Borgelt et al. (2011) proposed a fast two-pass FIM method, called ISTA, based on incremental intersection. In this implementation, the prefix tree (as well as patricia) was introduced to efficiently maintain Ti and perform the incremental intersection. Although it is reasonable to represent Ti with such a concise data structure, it is not directly applicable in the one-pass approximation setting that is used here. For example, we cannot use the item support as static information, while it is available in the transactional database that allows multi-pass scanning. This information is crucial to constructing a compact trie by sorting items in a pre-processing step. Note that the trie size can be directly affected by the order of (sorted) transactions. Indeed, ISTA constructs the trie with 306 nodes by treating it as a retail problem (No. 3 in Table 1), compared to 244,938 nodes when the pre-processing technique is not applied. Besides, in the context of the SD that emerges concept drift, it is not appropriate to assume a static distribution.
Table 1 Characteristics of the used datasets Thus, it is necessary to design a more suitable data structure for our proposed algorithm, which enables to prune redundant computations in incremental intersections, as well as quickly access both the minimum entries and Δ-covered entries required for PARASOL deletion and Δ-compression, respectively.
Weeping tree
Now, we propose a variation of the binomial spanning tree (Johnsson and Ho 1989; Chang 2005), called weeping tree, in which a collection of entries, Tn, can be represented in a binary n-cube as follows: Let e be an entry in Tn. By Theorem 1, αe corresponds to the intersection of a certain set S of transactions. This set can be represented as a binary address (x1, x2,…, xn) where each xj is one if S contains tj and zero otherwise. Every αe has its own binary address. Thus, Tn can be represented as a set of binary addresses, denoted by V (n), each of which identifies αe for an entry e ∈ Tn. Each binary address can be described by an integer, \(x = {\Sigma }_{j=1}^{n} (x_{j}\times 2^{n-j})\).
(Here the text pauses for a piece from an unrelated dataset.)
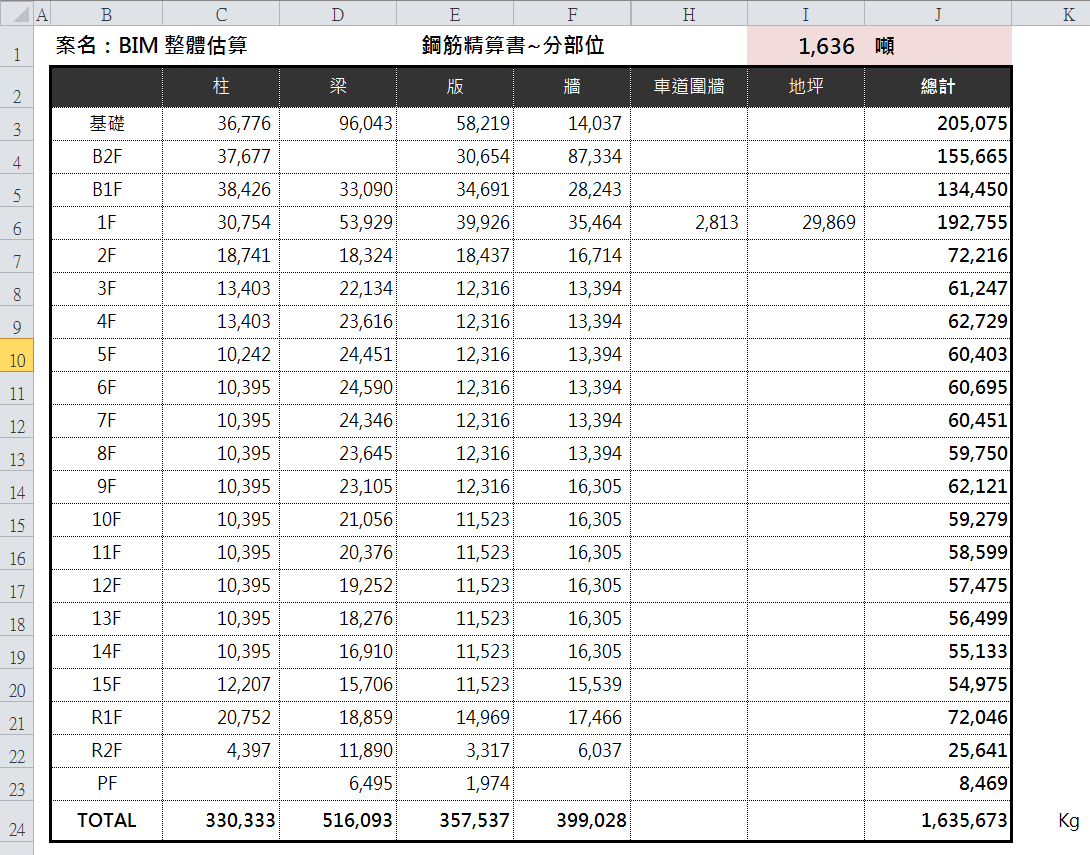 RCAD 算量服務方案與特色 為您量身打造算量方案 統包成控、營造廠、建設公司、結構設計…,我們提供最符合您需求的算量方案 BIM結構工程建模精算 鋼筋、模版、混凝土 採用獨立開發之RCAD 3D建模算量技術 3D空間檢討實際鋼筋用量 建模同步完成清圖 交付報表 【連續壁】數量明細表 【結構】工程數量摘要 【鋼筋】數量明細表(分號數/分層/分部位) 【模版】數量明細表 【混凝土】數量明細表 【結構柱續接器】明細表 BIM裝修工程算量 內飾、外裝、零星、雜項 採用廣聯達 Cubicost TAS 裝修算量 不重複建模(運用RCAD結構模型匯出IFC) 實務經驗檢核,確認各構件扣減關係合理性 交付報表 【總標單】 【清單彙總表】(依樓層) 【清單彙總表】(外牆對位) 【外部裝修彙總表】(依方向提送) RCAD 算量價值 以工地實務經驗為基礎用程式研發技術做後盾 BIM結構模型 調整模型符合工地實況建模過程一併完成清圖 上一張 下一張 精算真實需求量 工作筋不再是壓垮駱駝的最後一根稻草將工地實務經驗納入計算細節使您的估算量更接近現場施作量 上一張 下一張 上一張 下一張 衝突檢測 & 清圖報告 我們知道沒有完美的設計但我們可以幫助您的流程更加順利提供清圖報告以便釋疑釐清讓成果有憑有據 上一張 下一張 報表成果 鋼筋、模板、混凝土均提供分層數量明細表裝修部分提供裝修數量報表、工程標單、清單彙總表(對位表)

Then, V (n) corresponds to a subset of {1,…,2n − 1}.
Let x and y be two integers (1 ≤ x, y ≤ 2n − 1) with the addresses \((x_{1},x_{2},\ldots , x_{n})\) and \((y_{1},y_{2},\ldots , y_{n})\), respectively. p(x) is the position in x that satisfies two conditions: xp(x) = 1 and xj = 0 for each j(p(x) + 1 ≤ j ≤ n). In other words, p(x) is the least significant set bit of x. We say that x covers y if yj = xj for each j where 1 ≤ j ≤ p(x). For example, if x = 12 and y = 15 in 4-cube with addresses (1100) and (1111) then, p(x) = 2, y1 = x1, and y2 = x2 so x covers y. We assume that zero covers every integer.
Now, we define the binomial spanning tree of V (n), following the notion in the literature (Chang 2005).
Definition 4 (Binomial spanning tree)
Let V (n) be a subset of {1,…,2n − 1}, x be an integer such that 0 ≤ x ≤ 2n − 1, and C(x) be the set of integers in V (n) each of which is covered by x. The binomial spanning tree of V (n) is the tree in which the root node, r, is zero and the other nodes are V (n). The children of each node, x, correspond to the following set:
$$\{ y~|~y\in C(x)\ and \not\exists y^{\prime}\in C(x)\ s.t.\ y \neq y^{\prime}\ and\ y \in C(y^{\prime})\}.$$
The siblings y(1), y(2),…, y(m) are sorted in the descending order (i.e., y(j) is the left sibling of y(j+ 1)). We say that a non-root node, y, is a descendant of node x if y ∈ C(x), a precursor of x if y∉C(x) and y > x, and a successor of x if y < x. The precursors and successors of x are denoted at P(x) and S(x), respectively.
The weeping tree at time n, denoted by W(n), is the binomial spanning tree of V (n) obtained by associating each node, x, with its corresponding entry e (i.e., αe is the intersection of the transactions indicated by the address x).
Example 5
Consider again the stream \(\mathcal {S}_{4}^{1}\) in Example 2. Let 𝜖 and k be 0.2 and 15, respectively. PARASOL uses the 15 entries in T(4) for all closed itemsets (i.e., V (4) = {1,2,…,15}). The corresponding weeping tree, W(4), is described in Fig. 7. Each node, x, is associated with its own entry, e. For example, the node x = 6 (0110) corresponds to the entry for α = t2 ∩ t3, i.e., α = {1,4,5}. Note also that C(6) = {7}, P(6) = {8,9,…,15} and S(6) = {1,2,…,5}.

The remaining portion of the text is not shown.